Ce ton froid et sec blessa profondément Julien. Il se tut, et écouta d’un air morne, qu’il affectait de rendre indifférent.

Le professeur reprit :

« Une année s’était écoulée ainsi ; la princesse, cédant à son inquiétude et à sa douleur, fit faire des recherches dans tous les pays et prendre secrètement des informations dans toutes les cours de l’Europe, sans qu’il fût possible de retrouver les traces de l’infortuné Max. Alors, convaincue qu’il s’était donné la mort et qu’elle avait blessé le cœur le plus noble et le plus sincère, une passion plus vive s’alluma dans le sien ; elle nourrit sa douleur avec toute l’exaltation de son âge, mais en secret et loin de tous les regards. Pour mieux s’y livrer, elle fit creuser ce caveau et sculpter ce tombeau, où elle venait pleurer chaque jour.

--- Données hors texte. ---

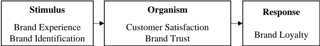
Figure 1. Stimulus Organism Response (SOR) model examine in this study

« Trois autres années s’écoulèrent, et je vins me fixer à Monteregale. La princesse cherchait dans les sciences une distraction à ses ennuis et un refuge contre les illusions de la vie auxquelles elle avait fait vœu de résister désormais. Elle se plut à mes entretiens et m’appela auprès d’elle jusqu’à ce que je fusse fixé dans son palais. Une affaire d’intérêt l’ayant conduite à Paris, elle me permit de l’y accompagner. Je n’avais jamais vu cette ville célèbre, et je désirais examiner les précieuses collections scientifiques qu’elle possède.

« C’est en explorant les cabinets d’histoire naturelle et les bibliothèques, que je fis par hasard la connaissance du prétendu Rosenhaïm. Je n’avais jamais vu ce jeune homme, et je fus frappé de sa beauté, de sa grâce, de son caractère noble et de ses manières affectueuses. L’amour de la science nous rapprocha bien vite. Je fus ébloui de ses connaissances et charmé de son aptitude.